What Saturday’s Week 3 lacked in quality, it compensated for in quantity.
A slate short on high-profile upsets still saw teams ranked Nos. 9, 13, 15, 20 and 21 in the AP Poll take it on the chin. Anyone making power ratings understands the magnitude of sorting through a mess like this.
That’s why we have not one, but two savvy college football experts here to gauge how the college football landscape stacks up heading into Week 4.
It’s a Sunday tradition like no other: Brett McMurphy’s AP Top 25 ballot versus Collin Wilson’s Power Ratings. Iron indeed sharpens iron.
Here are the biggest discrepancies and highlights from both lists.
Brett McMurphy's AP Top 25 Ballot Entering Week 3
AP denotes Brett McMurphy's Associated Press Top 25 ballot.
PR denotes Collin Wilson's College Football Betting Power Ratings.
1
Alabama
1
2
Georgia
2
3
Oregon
18
The Ducks waddled into Columbus last Saturday, dispatched Ohio State as a 14.5-point underdog, and perhaps most importantly, left nothing but a lone rubber duck at midfield in a troll move that Ryan Day can only respect.
However, the biggest takeaway isn’t Oregon’s rise, but rather its downgrade after Week 3.
Although McMurphy held firm at No. 3 for the second-consecutive week, Wilson dropped them from No. 16 to 18 despite a huge win over Stony Brook.
Granted, Oregon had to shake off some cobwebs.
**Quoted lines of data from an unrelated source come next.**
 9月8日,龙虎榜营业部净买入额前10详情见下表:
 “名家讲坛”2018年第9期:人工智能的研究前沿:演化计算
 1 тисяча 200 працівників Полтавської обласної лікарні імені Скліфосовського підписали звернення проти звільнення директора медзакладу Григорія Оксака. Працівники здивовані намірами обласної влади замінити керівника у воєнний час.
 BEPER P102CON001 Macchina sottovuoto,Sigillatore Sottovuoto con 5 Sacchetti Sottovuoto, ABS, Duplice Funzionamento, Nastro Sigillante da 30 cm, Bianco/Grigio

It led by 10 in the first half before ripping off 31 unanswered down the stretch.
Collin wasn’t bullish on the Ducks this week, but he may have no choice from here on out: They should be laying big chalk against Arizona, Stanford and Cal the next three weeks, leading up to a crucial showdown at UCLA.
4
Penn State
5
5
Iowa
16
6
Texas A&M
6
7
Oklahoma
4
8
Cincinnati
10
9
Clemson
11
OK, so not a huge discrepancy, but I’d be remiss to not highlight the Tigers.
How about this for some punishment: Clemson falls from No. 7 to 9 in McMurphy’s ballot, while the Tigers drop completely out of Wilson’s top 10 from No. 3 to No. 11 — despite winning last week!
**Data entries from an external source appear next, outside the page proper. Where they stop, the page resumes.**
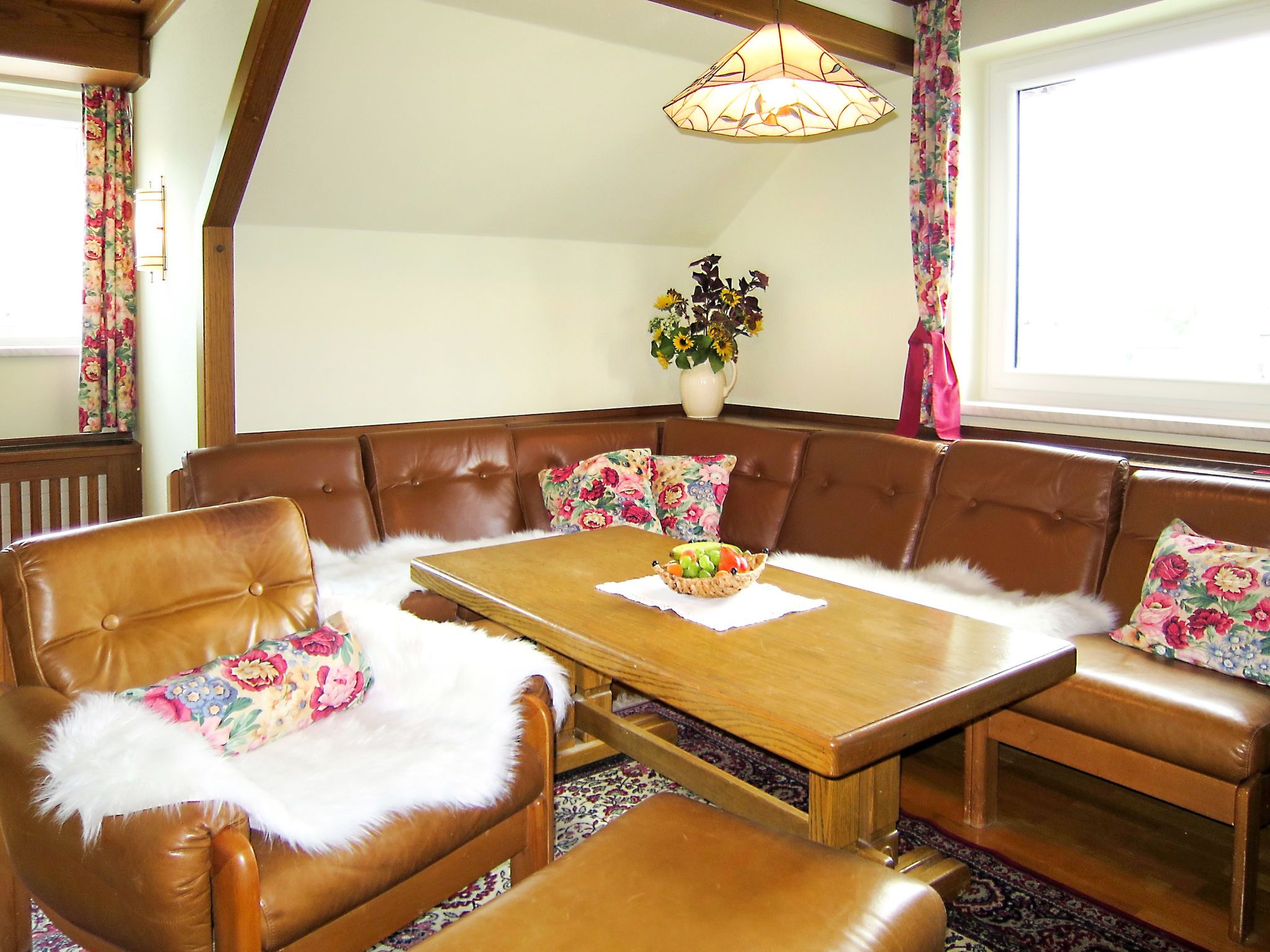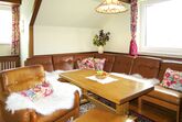 Moser, 3-Zimmer-Wohnung 92 m2 im 2. Stock. Teilweise abgeschrägt, rustikal eingerichtet: Wohnzimmer mit Sat-TV. 1 Zimmer mit 1 Doppelbett und Sat-TV. 1 Zimmer mit 2 Betten. Küche (Backofen, Geschirrspüler, 4 Glaskeramikplatten, Wasserkocher, elektrische Kaffeemaschine) mit Esstisch und Essecke. Bad/Dusche, sep. WC. Heizung. Teppichboden. Zur Verfügung: Kinderhochstuhl, Babybett. Internet (Wireless LAN, gratis). Bitte beachten: Nichtraucher-Haus. Rauchmelder. Bei Belegung mit weniger Personen als der maximalen Personenzahl stehen nicht alle Wohneinheiten zur Verfügung.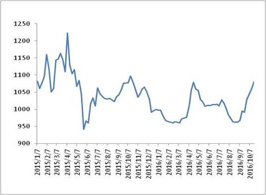 圖 1 2015-2016年各周中國(guó)公路物流運(yùn)價(jià)指數(shù)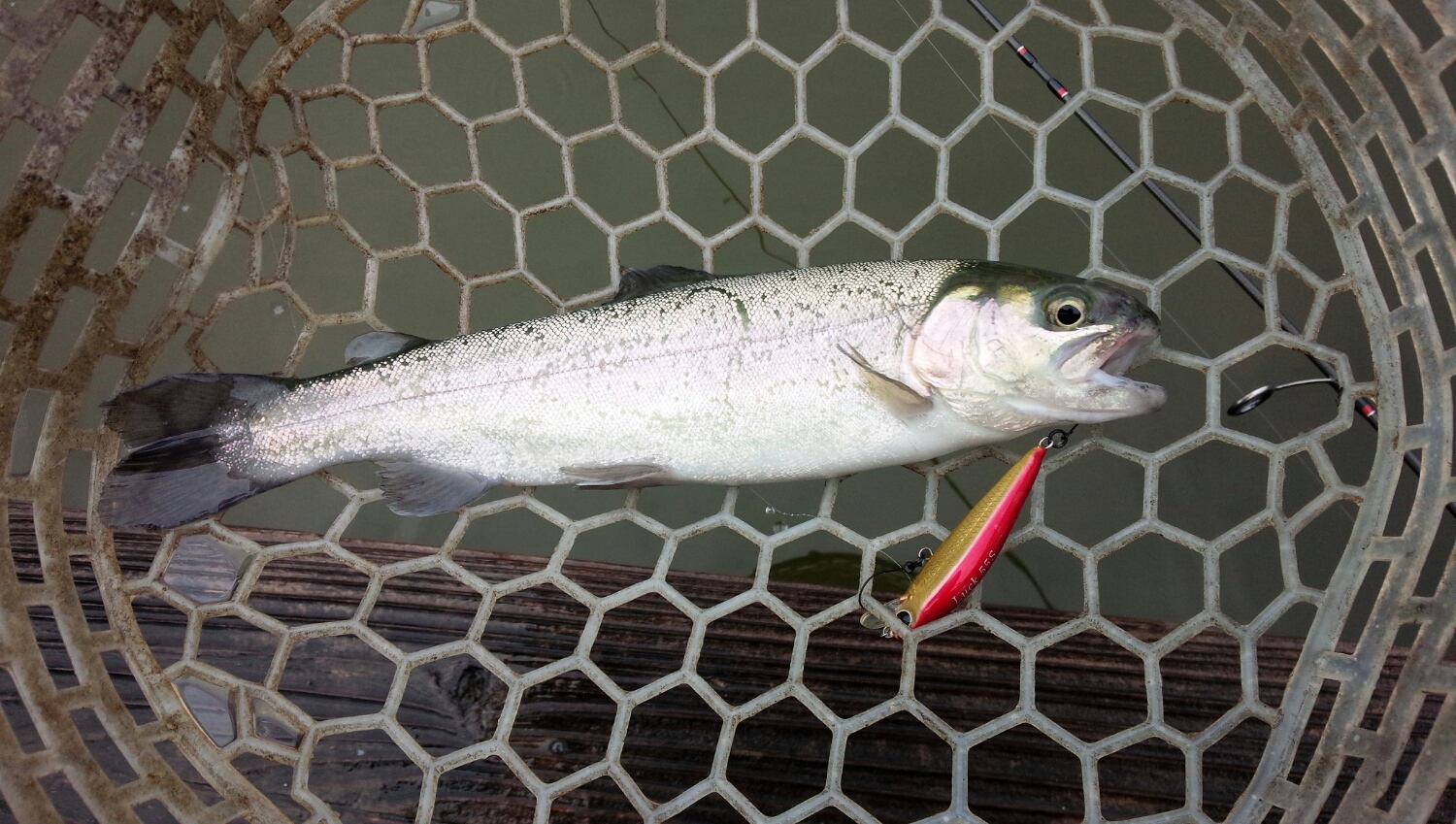 早速、頂いたミノーを投げて泳ぎを見ながら表層でチョコチョコやっているとググッとヒット!
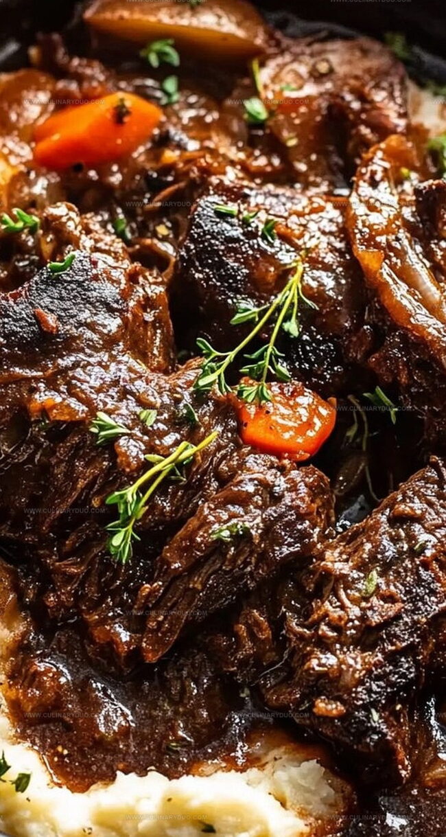 - Transfer roast to serving platter. Ladle onions, carrots, and aromatic gravy over the meat. Garnish with fresh parsley and flaky sea salt. Serve alongside creamy mashed potatoes for a deeply satisfying meal.

Then again, Clemson fans, -28.5 bettors or others clinging to futures suffered more heartache than pleasure this Saturday.
A Georgia Tech team that lost to Northern Illinois — which lost by 53 to Michigan, which isn’t back — walked out of Death Valley with a 14-8 loss. At that point, you may as well register it as a win for the Yellow Jackets.
Quarterback D.J. Uiagalelei seems to be regressing, and the offensive line couldn’t block a row of scarecrows. But similar to Oregon, where’s the loss on this schedule?
- at NC State
- Boston College
- at Syracuse
- at Pitt
- Florida State
- at Louisville
- UConn
- Wake Forest
- at South Carolina
Relegate the Tigers to the Pac-12 if they can’t cover against UConn.
10
Florida
8
11
Ohio State
3
12
Notre Dame
19
13
Arkansas
24
Collin caved and pushed his Razorbacks into the Top 25, but there’s still disagreement – mainly because McMurphy slid them in at No. 13.
The sole purpose of Arkansas’ offense the last few years was to just give us SEC over bettors at least 14 points on the scoreboard — literally, the bare minimum.
Kendal Briles, however, was placed on this planet to cover totals himself. And so help me, if Arkansas isn’t top-10 in big-play rate by season’s end behind the mastermind offensive coordinator, I will consider etching K.J. Jefferson’s Heisman stance onto my rear.
Arkansas is winning, and it’s winning big.
It slow-cooked Rice in the opener despite a slow first half, then welcomed Texas to the SEC by flipping the Horns down. This past week, the Razorbacks took flight and ate up 336 yards through the air against Georgia Southern.
14
BYU
54
15
Ole Miss
13
16
Wisconsin
7
17
Iowa State
12
18
North Carolina
14
19
Michigan
17
20
Liberty
40
21
Michigan State
36
All the 2021 Michigan State team does is score on its first play from scrimmage and beat the ever-living hell out of whoever it’s facing.
The Spartans make a nice little entrance into the Top 25 after beating Miami by 21 and single-handedly assuring Manny Diaz is fired from his post at the end of the season.
Mel Tucker was initially an odd hire from Colorado, but he’s taking advantage of his dream job in East Lansing. Forty-one players on the roster are new, including a slew of transfers who have already propelled the program to 3-0 this fall.
Tucker’s still got a long way to go in getting to the top of the Big Ten, but I’ll watch him ruin parlay legs on a weekly basis; he’s already notched four outright wins as a ‘dog in 10 career games.